- _TASK_:
Retype exactly the span of lines below from the one with "ヒーロー風カッコイイあだ名 | 『銀牙騎士グウ』『友情の使者ぐうちゃん』 |" through the one with "Apesar do clima". Do not include pictures.

======== DATA TO PROCESS ========

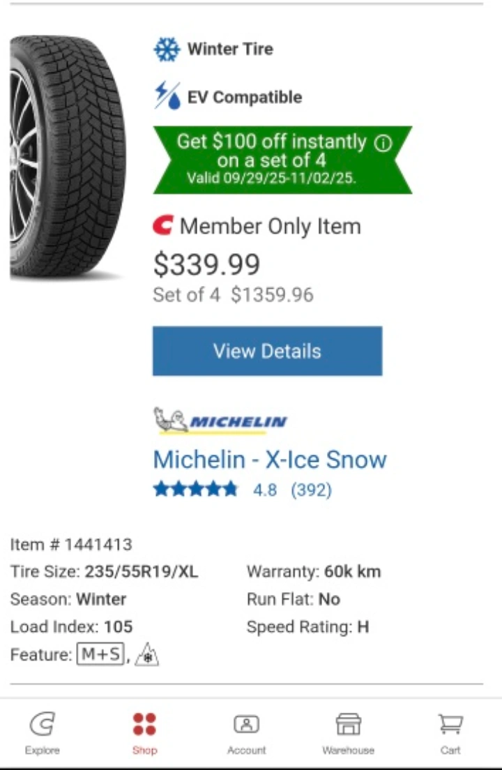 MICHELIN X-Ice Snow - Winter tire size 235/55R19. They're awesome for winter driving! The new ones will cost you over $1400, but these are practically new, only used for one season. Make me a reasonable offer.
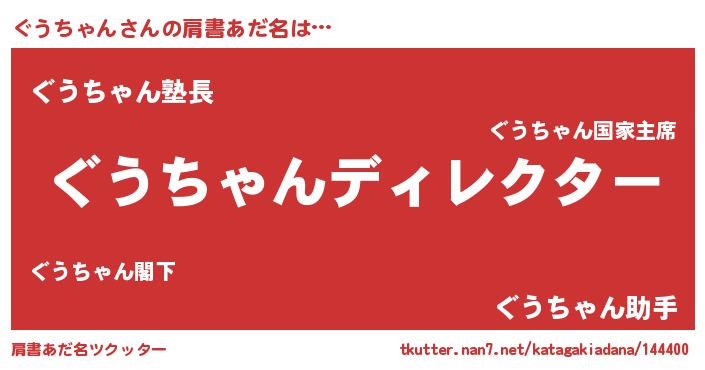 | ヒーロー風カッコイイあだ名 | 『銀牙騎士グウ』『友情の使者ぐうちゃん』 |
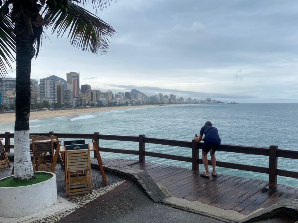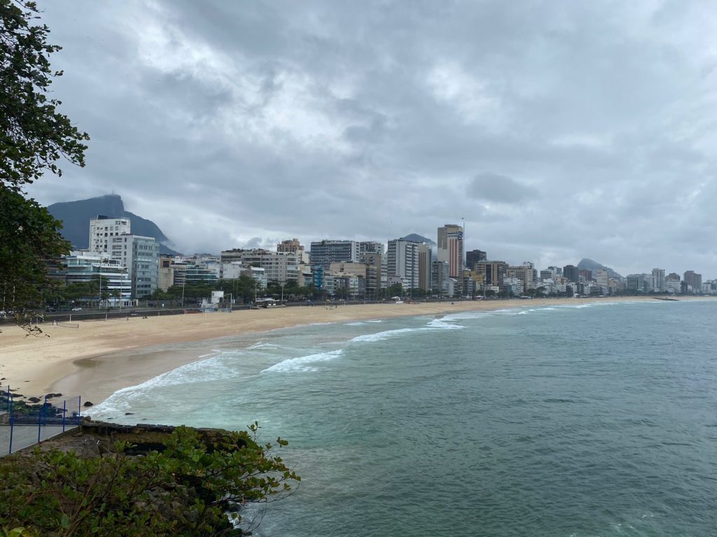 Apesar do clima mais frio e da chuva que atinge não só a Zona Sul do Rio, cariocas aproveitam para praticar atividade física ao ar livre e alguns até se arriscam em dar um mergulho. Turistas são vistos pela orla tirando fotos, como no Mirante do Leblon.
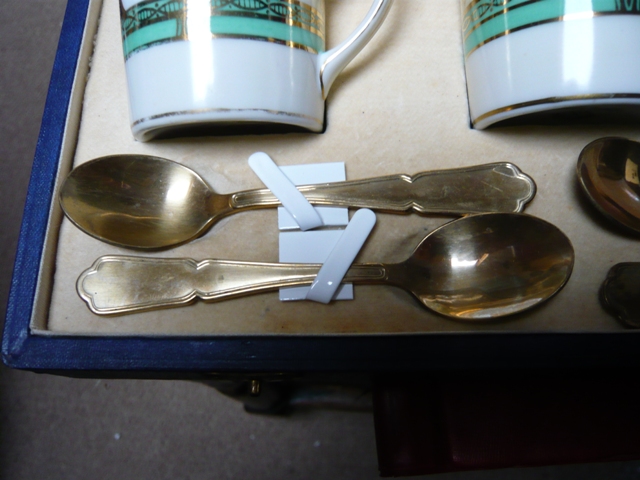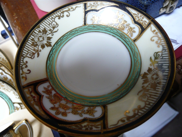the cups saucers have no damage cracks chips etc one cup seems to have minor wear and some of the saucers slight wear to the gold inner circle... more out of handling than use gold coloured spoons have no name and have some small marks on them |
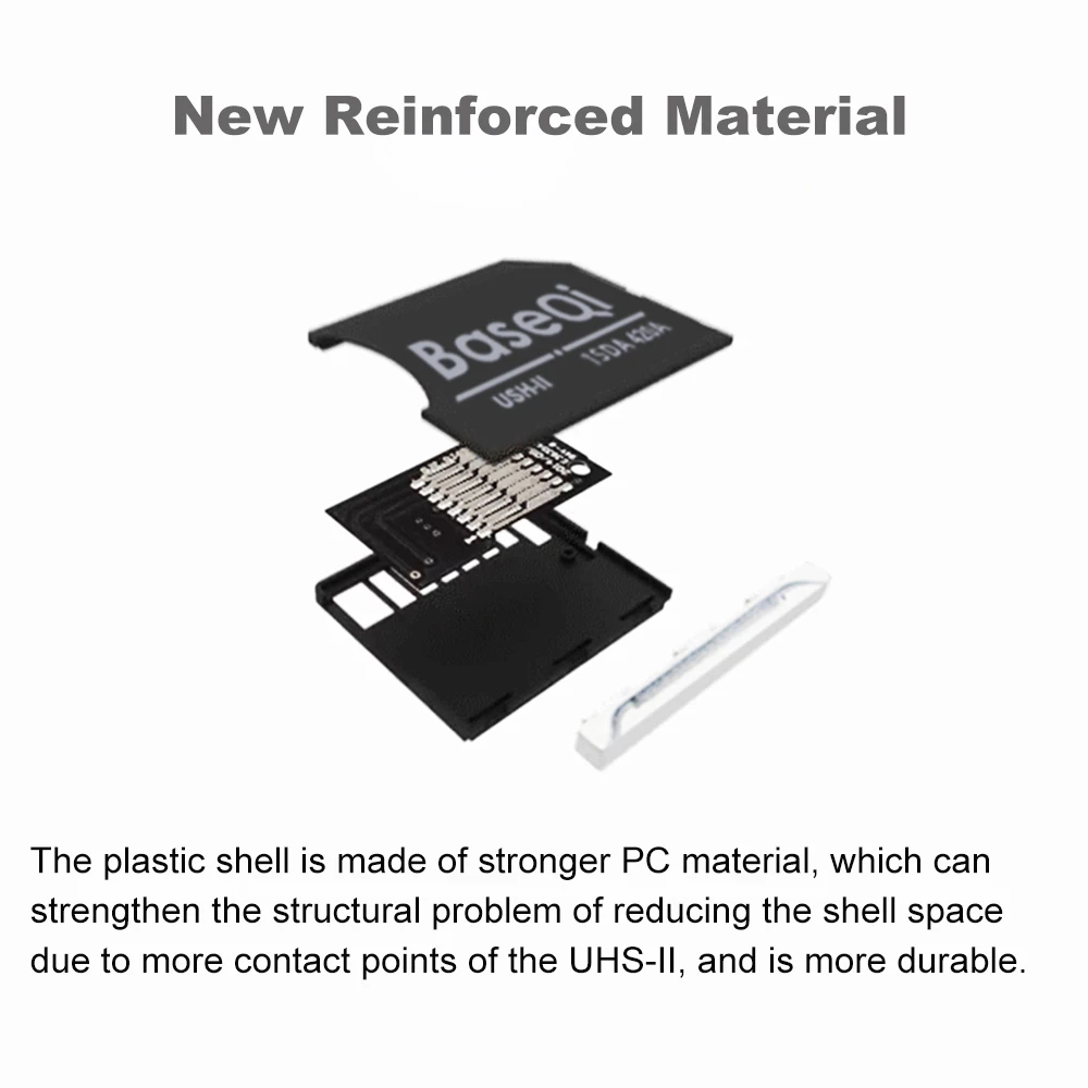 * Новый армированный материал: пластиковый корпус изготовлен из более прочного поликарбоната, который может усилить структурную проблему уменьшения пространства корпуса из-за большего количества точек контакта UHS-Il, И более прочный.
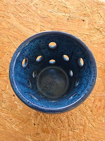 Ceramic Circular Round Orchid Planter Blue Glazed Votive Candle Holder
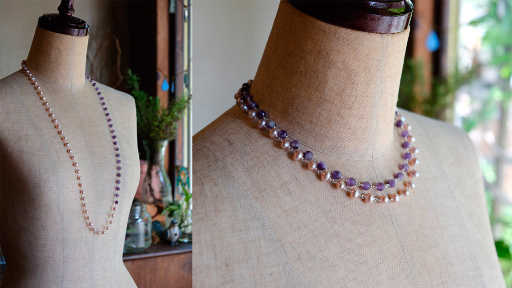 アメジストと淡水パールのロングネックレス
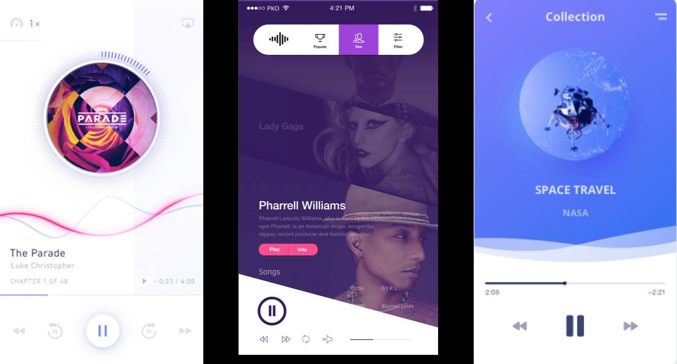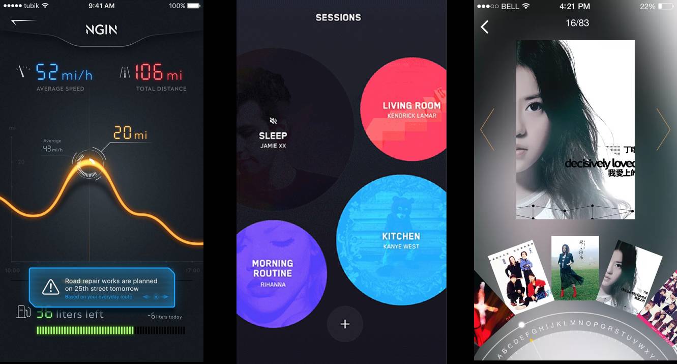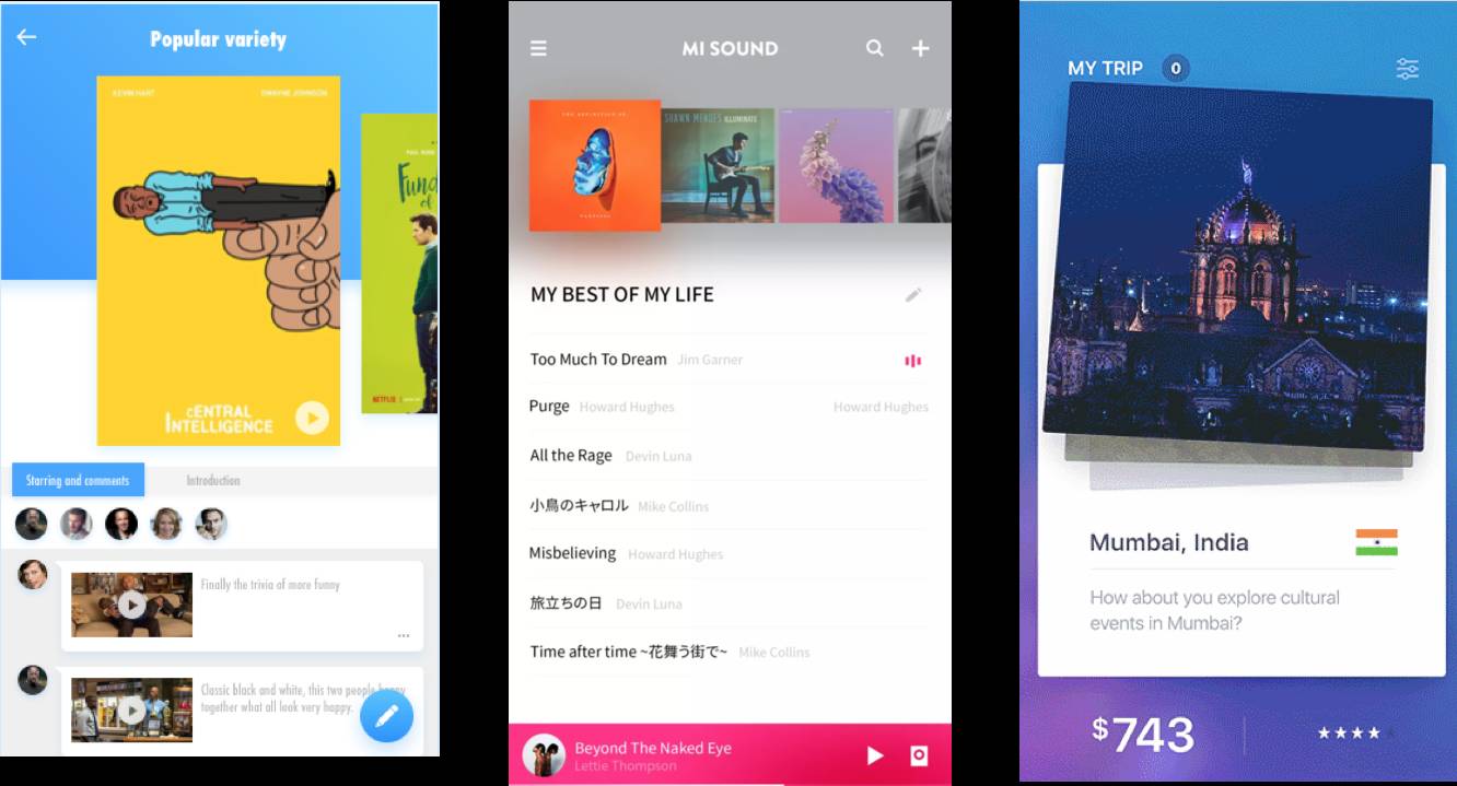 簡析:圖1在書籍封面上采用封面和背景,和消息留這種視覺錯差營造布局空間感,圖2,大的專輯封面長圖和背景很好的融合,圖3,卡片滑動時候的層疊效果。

========

- _SOLUTION TO THIS PROBLEM_:
 | ヒーロー風カッコイイあだ名 | 『銀牙騎士グウ』『友情の使者ぐうちゃん』 |
 Apesar do clima mais frio e da chuva que atinge não só a Zona Sul do Rio, cariocas aproveitam para praticar atividade física ao ar livre e alguns até se arriscam em dar um mergulho. Turistas são vistos pela orla tirando fotos, como no Mirante do Leblon.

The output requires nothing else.